Bess parted the curtain, revealing Houdini struggling wildly with his shackles. Frantically, she closed the curtain and ran for the safety ax, ready to smash the glass and free her beloved husband from the throes of death. She raised the ax as the audience gasped in horror.
The man in the cloak saw those around him frozen at the edge of their seats as if statues. Seconds passed. The curtain rose.
The Water Torture Cell was empty.
At that moment, a dripping wet and smiling Houdini was revealed, standing atop the torture cell, arms raised above his head in triumph.
The crowd in the Princess Theatre rose to their feet as if they were one, stamping and clapping their approval, whistles and shouts of “Bravo!” ringing through the theater. But not the man in the cloak with the icy eyes. He stared, not at Houdini, but at the hourglass that had sifted the
sparkling sand. He could see the lettering etched along its gold-rimmed top.

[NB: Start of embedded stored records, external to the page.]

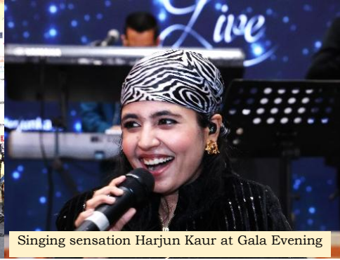
Singing sensation Harjun Kaur at Gala Evening
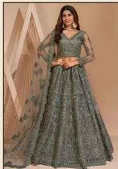
# 1007- G
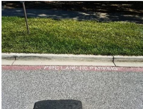
Fire Lane Striping

Red shall not be used to designate any public parking spaces. This color is reserved for Fire Lanes and Service Vehicle Locations only.
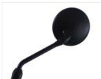
BLACK MIRROR KIT A9638012
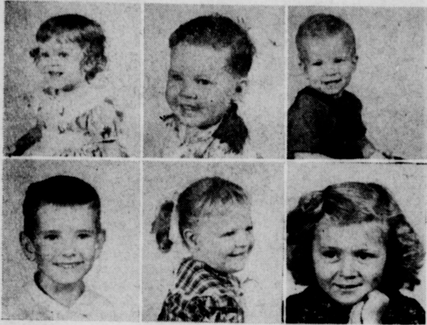
CITIZENS OF TOMORROW —Bronte youngsters who were photographed last fall will be featured in this newspaper for several weeks to come, until all the photos are run.

His companion leaned close to him and whispered in his ear, “Is that it, Master?”
The man in the cloak nodded, his eyes narrow with fury. “Yes.”
“Now what?”
“We must do whatever it takes.”
Eight days later, Harry Houdini, revered showman, the most famous magician ever to have lived, was dead.
N
ICK ROSTOV STARED DOWN AT HIS END-OF-YEAR REPORT card.
One F. Two Cs. One B-minus. And an A. In Health.
He tried to imagine how he would explain to his dad that his lone A was for the class that taught where babies came from; that he knew what a fallopian tube was, but square roots eluded him.
If he thought his report card was bad, lunch was a disaster. When he walked into the cafeteria, an overwhelming stench overpowered him—way worse than Tuna-Surprise Tuesdays and Mystery-Meat Mondays. The usual lady in the hairnet had been replaced by a creepy guy with long, wiry hair and strange eyes, and whatever the guy was serving didn’t look good—and smelled worse. The smell was so gross that Nick
didn’t eat and instead fished from his backpack a pulverized snack-size bag of potato chips, which had been crushed into smithereens by his math book. This meant he actually ate potato chip
dust
, and his stomach growled all afternoon.
When the final bell rang, he grabbed his skateboard from his locker and waved good-bye to a couple of kids in the hall. Once he was off school property, Nick rode his board down the hot Nevada sidewalk in the general direction of the hotel where he lived in a suite with his dad.
He’d attended two schools in the last three years. Every time his dad was fired or changed jobs, they moved. Nick bent his knees and jumped a curb on his skateboard.
Living in hotels with his dad meant whenever Nick made a friend at the hotel pool, the kid was on vacation. He figured over the last three or four years, he’d made a hundred friends, and not one of them lived in Las Vegas. He once had a friend from Belize. He didn’t even know where Belize was.
Nick rode his skateboard into a big parking lot by the high school, the wheels making a steady
whish-whish
noise. He didn’t want to go home—not with that report card. Not that his dad would say much, but he always had a sad look on his face. Bad report cards only made it sadder.
Nick didn’t know how long he rode his skateboard, hopping curbs, jumping over banged-up trash cans lying on their sides. The last two cars left the high school's parking lot, two
teachers with bulging briefcases, grinning from ear to ear. Even teachers were happy when school let out for summer.